I've received many questions about the Spring Quantum Computing course that I'm answering here:
  • What is the quantum computing about and why is it important?
    Quantum computing is a new, exciting, and somewhat strange computing platform that works very differently than conventional computing. All the big industry players have quantum groups now, and governments around the world are investing significantly in a $10B race to develop quantum computing. The hope is that it offers an entirely new way to compute and that it can solve some problems that cannot be reasonably solved on conventional computers. One example is breaking certain kinds of cryptography. Shor's celebrated quantum algorithm (which we will explain in the course) shows how to break conventional crypto in polynomial-time (i.e., efficiently), something thought to be impossible with conventional hardware.

  • What will the course cover?
    The goal of the course is to learn how quantum computing works and to prepare students with the foundation for employment, research, or further study in the field. Even if you don't pursue this field, you will at least be prepared to work with those who do, and be positioned for a quantum future. The topics include: how exactly does quantum computing exploit the strange quantum properties of matter to perform computations? What does it mean to write a quantum computing program? How does quantum computing break conventional cryptography, and why is a quantum network far more secure? What is meant by quantum teleportation and entanglement? What did Einstein get wrong? (The famous EPR paradox and its resolution).

  • What is the workload in the course?
    This is an elective with a relatively low workload because of the novel and conceptually challenging nature of the material. If you've taken my linear algebra course (CS-4342/6342), the workload in the quantum course is 30% of the workload in CS-4342/6342. (The number of module exercises in the quantum course is less than 30% of the module exercises in CS-4342.) It is certainly a lot less than in a core CS course like Algorithms. Most of the work is in the first half of the semester. Amongst all the courses I teach, it has by far the least workload.

  • What will be expected of students in the course?
    If you've taken a course with me, you know that there are modules with module exercises, several of which will be solved in class itself. Apart from this, there will be some note-taking and we'll have either a final project or a term-paper or an exam (still TBD).

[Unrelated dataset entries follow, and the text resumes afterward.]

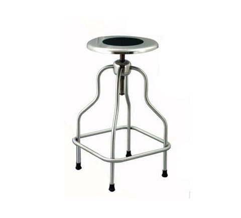 UMF Medical 6701 stainless steel stool with tubular foot rest and revolving seat. Non-slip material flush mounted into recess of stool seat. Seat height adjustment via threaded stem. Welded foot rest. Non-slip rubber tips on stool legs. 3 year limited warranty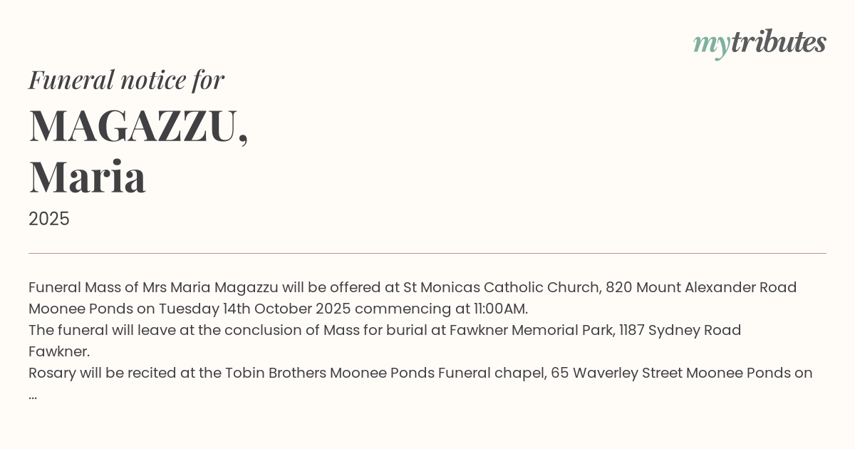 19°CFuneral Mass of Mrs Maria Magazzu will be offered at St Monica’s Catholic Church, 820 Mount Alexander Road Moonee Ponds on Tuesday 14th October 2025 commencing at 11:00AM.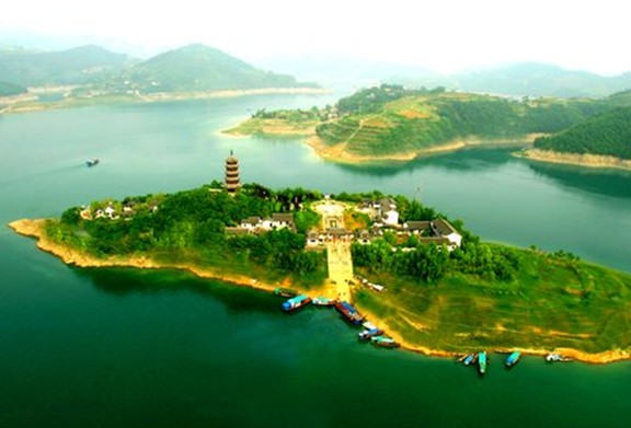 從空中俯看象一只美麗的孔雀開屏,四周又在青山綠水碧波之間,因此取名翠屏島。從安康乘車經(jīng)瀛湖鎮(zhèn)入進島路全長30公里,距金螺島僅一公里。
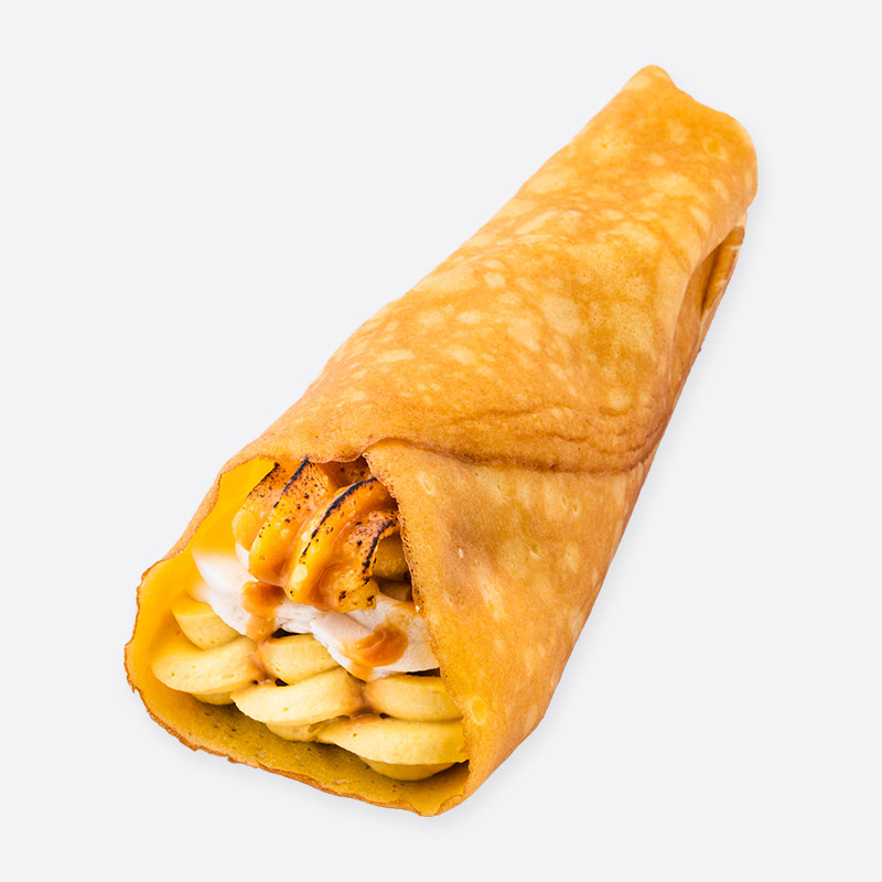 2種類のクリーム(練乳・さつま芋)、自家製スイートポテト、キャラメルソースを包んだもちもち食感のクレープです。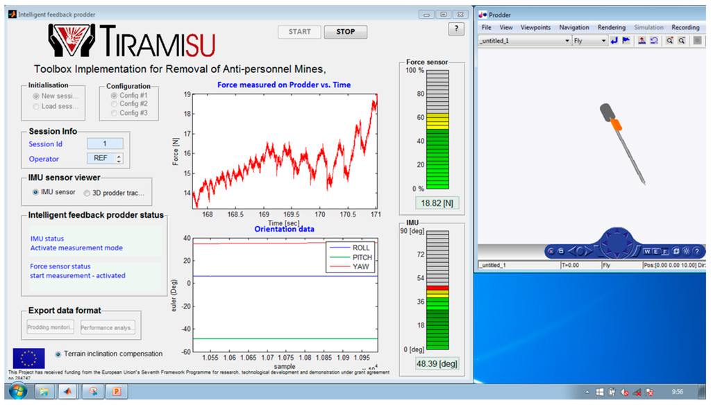 The design of innovative prodders may contribute to increase the rate of mines detected but does not definitively increase the safety of the deminers. Training is then one of the most crucial aspects in order to improve the safety and effectiveness of the landmine detection activities performed by human operators [17]. However, in the literature there is not any study that has been devoted to the improvement of training tools utilized during prodding activities. Prodding has the disadvantage that unlike other aspects of training, the use of excessive force cannot be detected simply by a supervisor observing the trainee. Some studies [18] involving field measurements of the force exerted by the operators showed that deminers, and even senior training staff, had no real idea of the force they were using and consistently underestimated the force they were exerting by large amounts. Therefore, to alleviate this situation, this paper presents an intelligent prodder that provides useful information to the deminers in two critical issues: (a) the amount of force exerted on the target and if it is greater than the safe limit and, (b) to alert them when the angle of insertion of the prodder is approaching or exceeding a certain dangerous limit. In this way, the tool will contribute to improve the deminers’ competencies and consequently, will help to reduce the number of demining accidents during close-in detection tasks. The work presented here has been carried out within the framework of the TIRAMISU project, funded by the European commission in the 7th Framework Programme.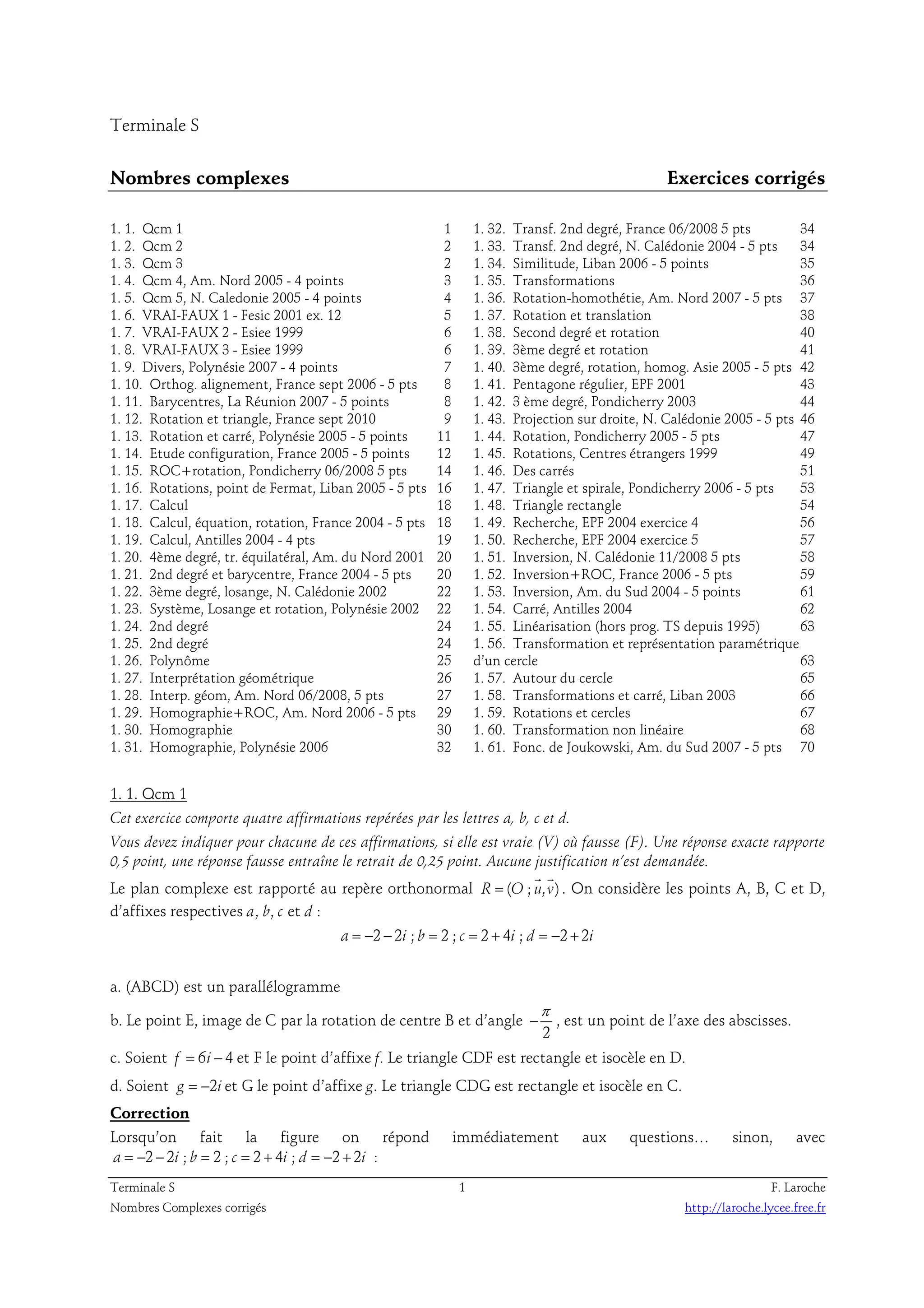 Le document présente une série d'exercices corrigés sur les nombres complexes, comprenant des QCM, des questions de vrai-faux et des exercices de calcul. Chaque exercice aborde différentes propriétés des nombres complexes avec des corrections détaillées. Il s'adresse aux étudiants de terminale S et inclut des questions provenant de plusieurs académies, comme des énoncés et des solutions de problèmes géométriques et algébriques.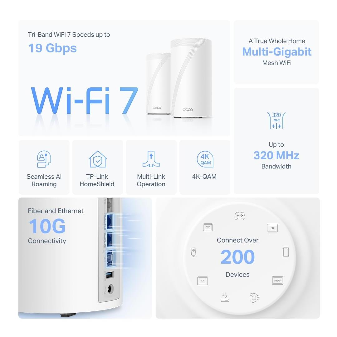 Deco BE85 V1|Wireless Router|Available bandwidth 19000 Mbps|Mesh|Wi-Fi 7|2x2.5GbE|1x10GbE|1xSPF+|WPA - Wi-Fi Protected Access|WPA2 - Wi-Fi Protected Access|WPA3|DHCP|Wireless Frequency Range 2.4 GHz - 6 GHz|Included Accessories Deco BE85 (2-pack)2 Deco BE85 units1 RJ45 Ethernet cable2 Power adaptersQuick Installation Guide|Colour White|Dimensions 128 × 128 × 236 mm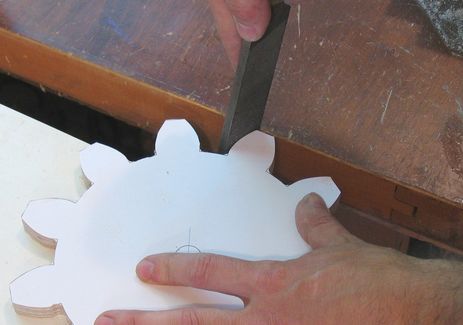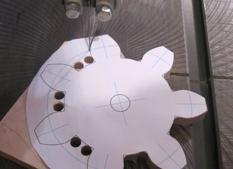 Here's some pictures of making wooden gears out of plywood using paper template from my Gear Template Generator.
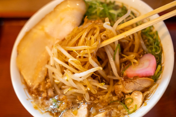 さっそくモヤシの大群の攻略にかかると、ここでひとつ衝撃が走ります。味覚にガツンと響くパンチの効いた味付けはまさしく二郎系ですが、口の中に残る余韻が一般的な二郎系と比べて明らかに軽い…!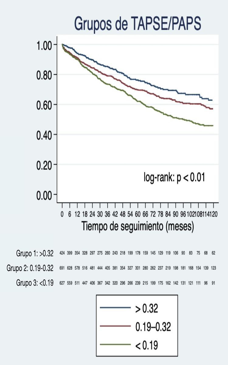 Métodos: Se analizaron pacientes con HAP incluidos en REHAP (2012-2023) con valores disponibles de TAPSE y PAPS al diagnóstico. De 5604 pacientes, se excluyeron 1852 por patologías no HAP y 1984 por datos incompletos, quedando 1768 para análisis. Se clasificaron en tres grupos según las guías de 2022: Grupo 1 (> 0,32 mm/mmHg, n = 429), Grupo 2 (0,19-0,32, n = 702) y Grupo 3 (< 0,19, n = 637). Se compararon características clínicas, hemodinámicas y terapéuticas. El evento primario fue un combinado de fallecimiento o trasplante. La relevancia pronóstica del TAPSE/PAPS se estudió mediante análisis multivariante con regresión de Cox y se confirmó mediante análisis de supervivencia de Kaplan-Meier. Los análisis fueron realizados con Stata 13.0.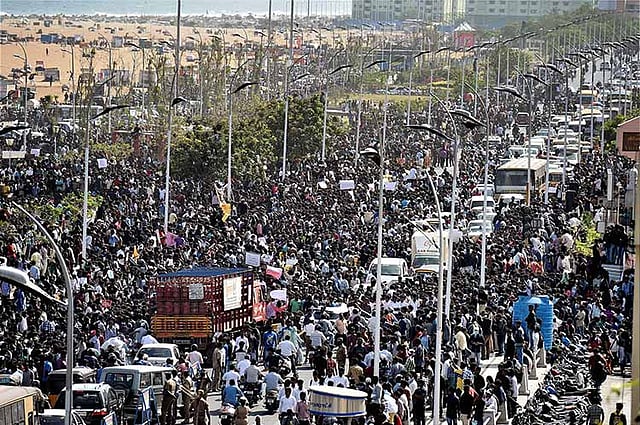 In an attempt to discredit the Marina protests and justify police action against the protesters, the government of TN has put forward several theories, one of them being that anti-national elements had entered the protests. As proof, we were shown an image of a man on a bike with a poster of Osama bin Laden. TN CM O Pannerselvam even mentioned this on the floor of the house.

  • Is there programming in the course?
    None, unless you opt to do so in your final project (assuming we go that route).

  • What prerequisites will I need?
    You need to have taken an undergraduate course in Linear Algebra and be willing to "do math". This is a theory course.

  • What parts of linear algebra will be needed?
    We'll need vectors, matrices, orthogonality (definitions) and eigenvectors. Everything else will be developed in the course itself, and there will be a review of basic linear algebra.

  • Will I need physics?
    No physics is required, nor anything other than linear algebra. Prior course offerings have had undergraduates from computer science, physics, math, stats, all of whom were fine in the course. There will be some physics described (for illustration) but none in submitted or assessed work.

  • Will I need a course in security or cryptography?
    No background is needed. We will introduce concepts as needed.

  • When is the course typically offered?
    Every Spring.

  • Will Q-Day happen in the near future?
    Nobody knows, but governments are ramping up to prepare for it.